Resilience also has an important role in your finances and is a key pillar of the work enable.me’s coaches do with their clients.
“Most people don’t have the financial resilience required to be able to be able to weather the curveballs and financial sucker punches that life inevitably delivers.”
While people often associate financial resilience with having emergency savings as a safety net – and that is important – it goes beyond that.
“Financial resilience is also crucial when trying to grow wealth, it doesn’t just de-risk the impact of the different decisions people might make, it can also allow them to be more ambitious and still feel safe in the process.”
Looking to the future
Hannah’s entire career has revolved around helping others map out their futures and prepare for retirement, so what does she see in her future?
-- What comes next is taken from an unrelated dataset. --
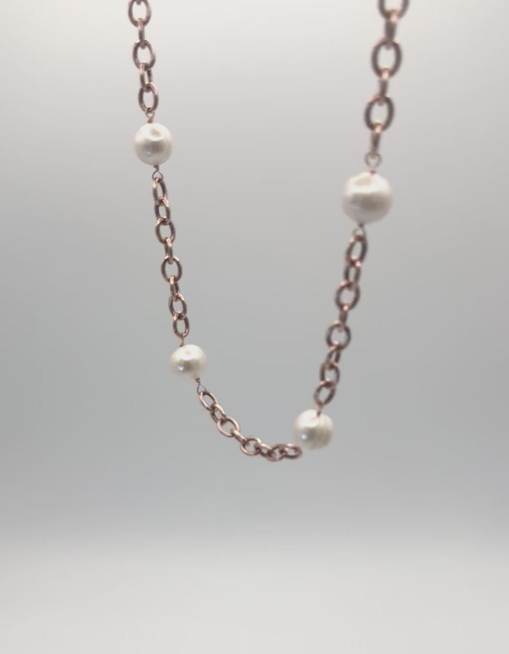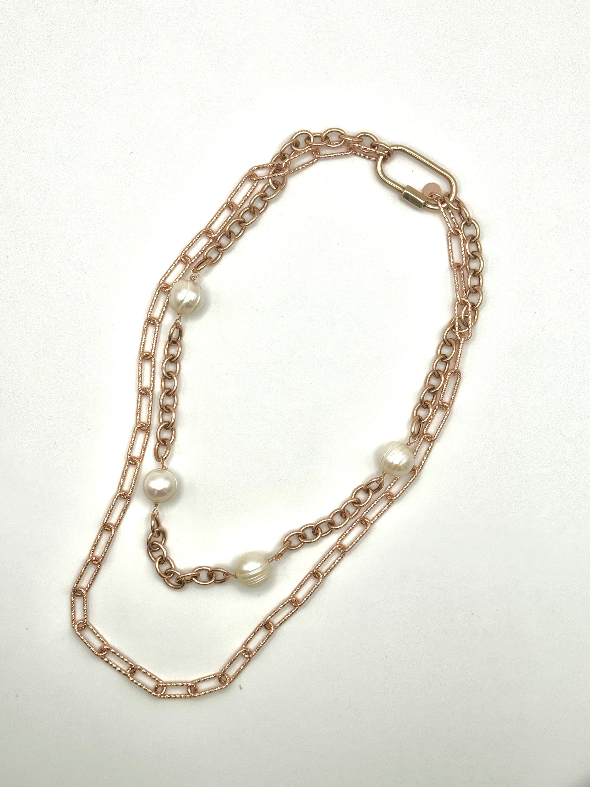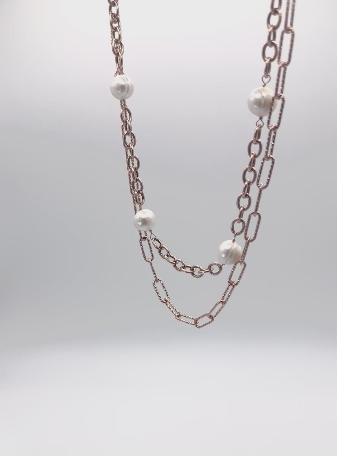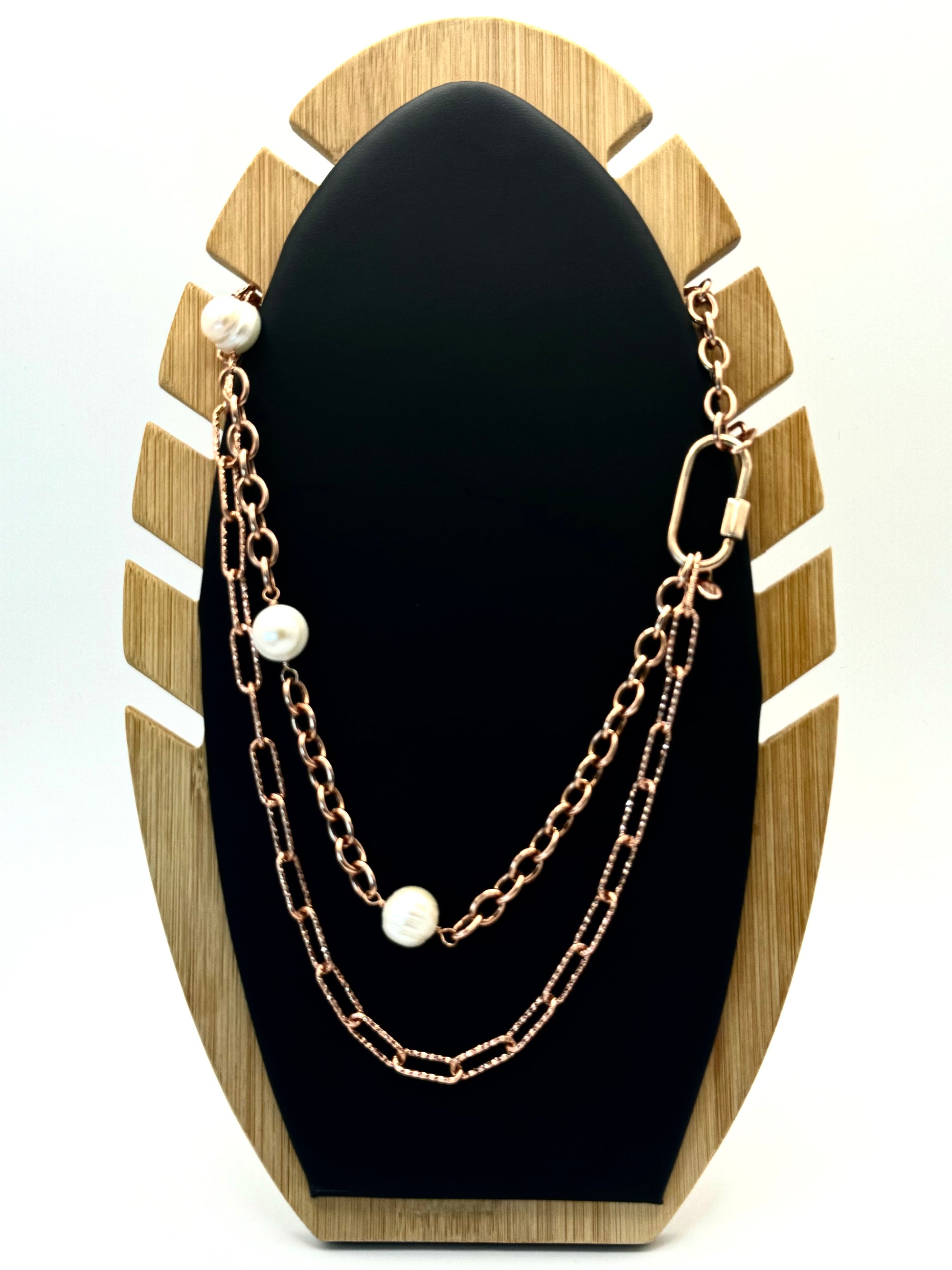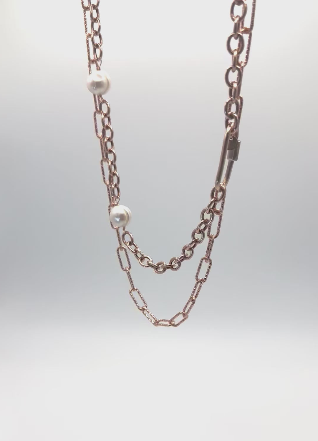 Rose Gold Cascade Necklace: Versatile Necklace with White Pearls on Two Layered Chains

Well, it involves a few things she once would never have imagined!
“We’re getting some Kunekune pigs, I’m actually enjoying feeding the chickens and our little Fox Terrier, Chi Chi has helped me overcome a lifelong fear of dogs. It’s not something I saw coming, but it’s nice to be able to surprise yourself – and your partner – by being capable of 180-degree change!”
But don’t confuse that idyllic picture with Hannah putting herself out to pasture.
True to her ‘go big or go home’ nature, far from taking her foot off the gas, she’s putting the pedal to the metal.
“My goal is to create a global financial coaching business” she says, her energy infectious. “I want society to be better off for my contribution”.
Given enable.me’s partnership with AMP and AdviceFirst, and Hannah’s voracious appetite for audacious goals, you wouldn’t be wise to bet against it.